====== Available data ======
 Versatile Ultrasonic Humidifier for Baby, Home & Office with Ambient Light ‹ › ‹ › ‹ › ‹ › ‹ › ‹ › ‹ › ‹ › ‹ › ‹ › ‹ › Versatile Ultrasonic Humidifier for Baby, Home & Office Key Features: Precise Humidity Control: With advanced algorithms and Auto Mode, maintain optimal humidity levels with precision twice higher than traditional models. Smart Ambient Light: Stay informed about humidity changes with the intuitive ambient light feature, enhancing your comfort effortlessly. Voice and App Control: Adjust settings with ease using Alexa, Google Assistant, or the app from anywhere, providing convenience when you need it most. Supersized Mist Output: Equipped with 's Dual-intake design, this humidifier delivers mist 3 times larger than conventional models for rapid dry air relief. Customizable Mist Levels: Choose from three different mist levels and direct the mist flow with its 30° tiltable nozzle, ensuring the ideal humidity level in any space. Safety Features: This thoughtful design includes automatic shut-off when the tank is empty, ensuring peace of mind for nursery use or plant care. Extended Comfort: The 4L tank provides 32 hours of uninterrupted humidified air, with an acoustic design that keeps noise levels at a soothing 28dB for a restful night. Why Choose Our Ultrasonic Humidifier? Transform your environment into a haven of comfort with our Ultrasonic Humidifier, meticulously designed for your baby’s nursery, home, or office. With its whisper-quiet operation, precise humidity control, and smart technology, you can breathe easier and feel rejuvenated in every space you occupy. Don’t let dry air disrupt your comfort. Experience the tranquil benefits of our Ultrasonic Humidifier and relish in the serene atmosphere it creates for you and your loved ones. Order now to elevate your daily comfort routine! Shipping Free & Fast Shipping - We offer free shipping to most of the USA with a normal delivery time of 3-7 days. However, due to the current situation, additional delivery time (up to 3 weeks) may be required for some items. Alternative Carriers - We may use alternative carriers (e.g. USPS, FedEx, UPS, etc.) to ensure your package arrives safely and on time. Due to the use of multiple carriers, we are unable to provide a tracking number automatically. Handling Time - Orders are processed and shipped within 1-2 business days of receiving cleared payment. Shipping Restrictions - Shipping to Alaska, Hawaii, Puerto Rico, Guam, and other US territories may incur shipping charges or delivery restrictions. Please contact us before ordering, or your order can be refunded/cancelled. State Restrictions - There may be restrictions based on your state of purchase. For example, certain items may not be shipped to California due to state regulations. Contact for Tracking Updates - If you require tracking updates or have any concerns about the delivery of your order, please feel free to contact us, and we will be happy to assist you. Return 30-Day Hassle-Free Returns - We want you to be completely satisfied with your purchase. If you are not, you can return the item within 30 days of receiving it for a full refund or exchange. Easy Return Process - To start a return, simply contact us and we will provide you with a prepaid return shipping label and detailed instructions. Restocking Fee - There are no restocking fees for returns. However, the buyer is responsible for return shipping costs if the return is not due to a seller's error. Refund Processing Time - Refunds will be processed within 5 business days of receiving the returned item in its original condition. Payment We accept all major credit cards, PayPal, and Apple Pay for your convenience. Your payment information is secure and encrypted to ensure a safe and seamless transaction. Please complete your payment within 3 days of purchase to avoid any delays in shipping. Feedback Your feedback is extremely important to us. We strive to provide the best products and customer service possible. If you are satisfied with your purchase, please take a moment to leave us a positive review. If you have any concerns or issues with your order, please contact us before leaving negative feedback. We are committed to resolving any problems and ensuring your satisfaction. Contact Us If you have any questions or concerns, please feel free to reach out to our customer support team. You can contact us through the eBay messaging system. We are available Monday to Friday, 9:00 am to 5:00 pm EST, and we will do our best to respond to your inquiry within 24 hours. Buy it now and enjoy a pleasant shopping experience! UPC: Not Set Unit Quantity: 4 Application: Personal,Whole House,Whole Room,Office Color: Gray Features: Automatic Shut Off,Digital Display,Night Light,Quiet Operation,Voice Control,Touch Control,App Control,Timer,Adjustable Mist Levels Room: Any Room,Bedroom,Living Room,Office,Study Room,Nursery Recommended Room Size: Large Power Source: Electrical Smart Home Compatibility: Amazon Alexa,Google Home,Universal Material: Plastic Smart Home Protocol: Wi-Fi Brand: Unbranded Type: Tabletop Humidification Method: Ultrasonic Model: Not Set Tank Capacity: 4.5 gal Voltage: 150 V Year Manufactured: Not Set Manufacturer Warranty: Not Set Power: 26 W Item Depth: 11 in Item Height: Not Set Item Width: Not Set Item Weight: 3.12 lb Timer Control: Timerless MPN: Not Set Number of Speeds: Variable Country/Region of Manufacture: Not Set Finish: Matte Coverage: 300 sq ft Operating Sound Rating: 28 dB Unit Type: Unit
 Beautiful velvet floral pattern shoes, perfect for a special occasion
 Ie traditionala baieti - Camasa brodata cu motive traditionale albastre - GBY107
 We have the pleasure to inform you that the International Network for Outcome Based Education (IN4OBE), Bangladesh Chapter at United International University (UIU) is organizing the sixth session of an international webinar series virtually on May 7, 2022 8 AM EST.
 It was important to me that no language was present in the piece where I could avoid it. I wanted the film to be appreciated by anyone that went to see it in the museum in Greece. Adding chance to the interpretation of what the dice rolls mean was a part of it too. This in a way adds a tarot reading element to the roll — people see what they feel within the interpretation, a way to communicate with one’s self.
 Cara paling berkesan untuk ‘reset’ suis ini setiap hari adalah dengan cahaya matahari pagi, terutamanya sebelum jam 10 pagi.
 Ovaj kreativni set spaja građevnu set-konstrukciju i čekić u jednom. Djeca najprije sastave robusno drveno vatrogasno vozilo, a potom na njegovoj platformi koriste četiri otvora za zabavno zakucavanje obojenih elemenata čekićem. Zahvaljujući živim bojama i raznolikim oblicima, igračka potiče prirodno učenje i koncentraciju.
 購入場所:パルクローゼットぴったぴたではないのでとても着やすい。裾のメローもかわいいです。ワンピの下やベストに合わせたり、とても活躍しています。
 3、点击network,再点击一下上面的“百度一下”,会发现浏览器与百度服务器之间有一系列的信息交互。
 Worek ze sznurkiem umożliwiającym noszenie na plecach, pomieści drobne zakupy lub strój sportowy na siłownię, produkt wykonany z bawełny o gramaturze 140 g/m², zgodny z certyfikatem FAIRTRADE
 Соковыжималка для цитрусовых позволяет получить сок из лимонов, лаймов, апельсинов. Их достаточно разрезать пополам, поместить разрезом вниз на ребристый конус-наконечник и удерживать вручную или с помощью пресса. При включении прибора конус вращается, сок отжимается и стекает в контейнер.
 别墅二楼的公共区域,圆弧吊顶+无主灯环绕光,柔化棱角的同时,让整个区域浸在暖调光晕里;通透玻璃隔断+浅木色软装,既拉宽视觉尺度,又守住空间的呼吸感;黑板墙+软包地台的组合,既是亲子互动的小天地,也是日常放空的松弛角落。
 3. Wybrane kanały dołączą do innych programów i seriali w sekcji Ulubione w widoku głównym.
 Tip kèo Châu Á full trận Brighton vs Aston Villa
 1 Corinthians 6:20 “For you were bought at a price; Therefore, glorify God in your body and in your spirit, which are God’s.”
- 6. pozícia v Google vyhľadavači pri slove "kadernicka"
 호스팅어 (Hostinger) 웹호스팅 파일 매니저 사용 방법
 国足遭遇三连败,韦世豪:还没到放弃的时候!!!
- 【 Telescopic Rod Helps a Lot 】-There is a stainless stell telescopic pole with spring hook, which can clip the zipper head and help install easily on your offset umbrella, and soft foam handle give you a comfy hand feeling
======
▶ **Task details**
Your task is to return, exactly and on their own, the lines from the one containing "国足遭遇三连败,韦世豪:还没到放弃的时候!!!" through the last line of the listing.

▶ **Output of the task**
 国足遭遇三连败,韦世豪:还没到放弃的时候!!!
- 【 Telescopic Rod Helps a Lot 】-There is a stainless stell telescopic pole with spring hook, which can clip the zipper head and help install easily on your offset umbrella, and soft foam handle give you a comfy hand feeling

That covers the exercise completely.